● **EXERCISE**
Give back, unchanged, the line containing "Till höger: vinbergssnäckan." and every line after it up to the end of the listing.
(DATA BLOCK)
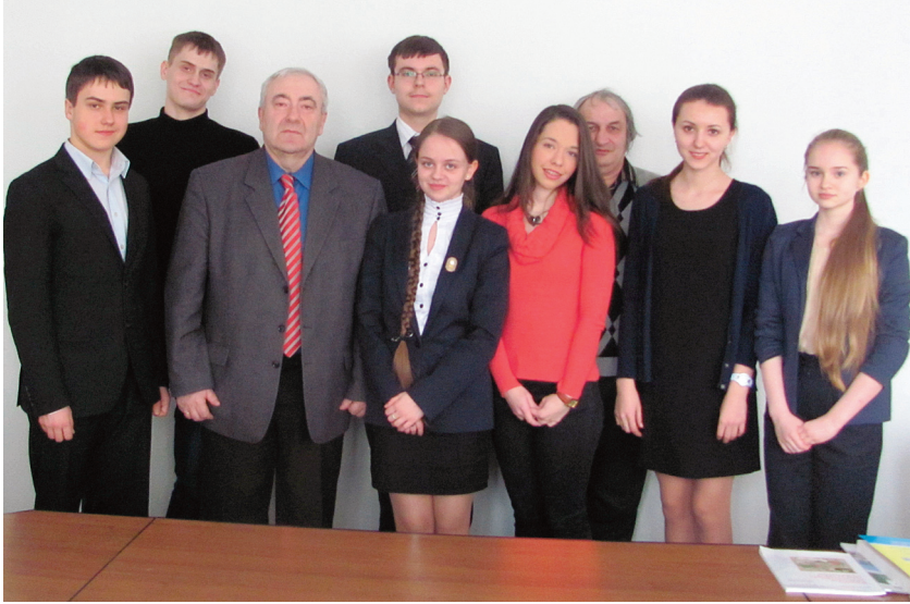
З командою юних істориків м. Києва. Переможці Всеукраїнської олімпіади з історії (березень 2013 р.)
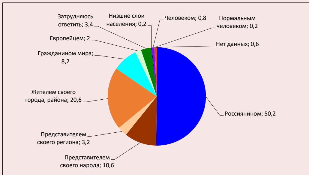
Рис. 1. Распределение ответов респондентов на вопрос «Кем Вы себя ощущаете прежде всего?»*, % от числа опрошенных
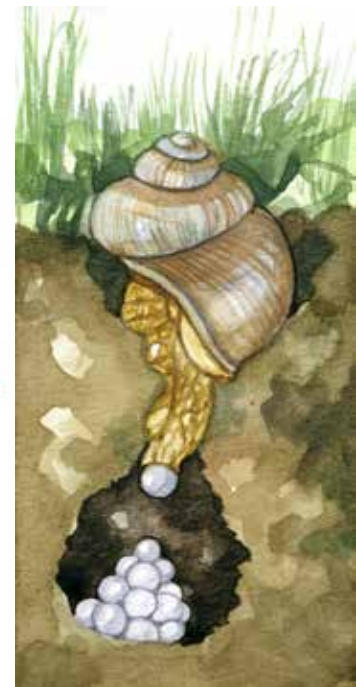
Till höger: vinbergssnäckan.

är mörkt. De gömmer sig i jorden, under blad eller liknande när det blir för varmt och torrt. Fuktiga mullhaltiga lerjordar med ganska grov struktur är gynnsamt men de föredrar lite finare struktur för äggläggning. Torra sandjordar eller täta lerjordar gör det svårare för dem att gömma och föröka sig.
(End DATA BLOCK)
● **ANSWER TO THE EXERCISE**
Till höger: vinbergssnäckan.

är mörkt. De gömmer sig i jorden, under blad eller liknande när det blir för varmt och torrt. Fuktiga mullhaltiga lerjordar med ganska grov struktur är gynnsamt men de föredrar lite finare struktur för äggläggning. Torra sandjordar eller täta lerjordar gör det svårare för dem att gömma och föröka sig.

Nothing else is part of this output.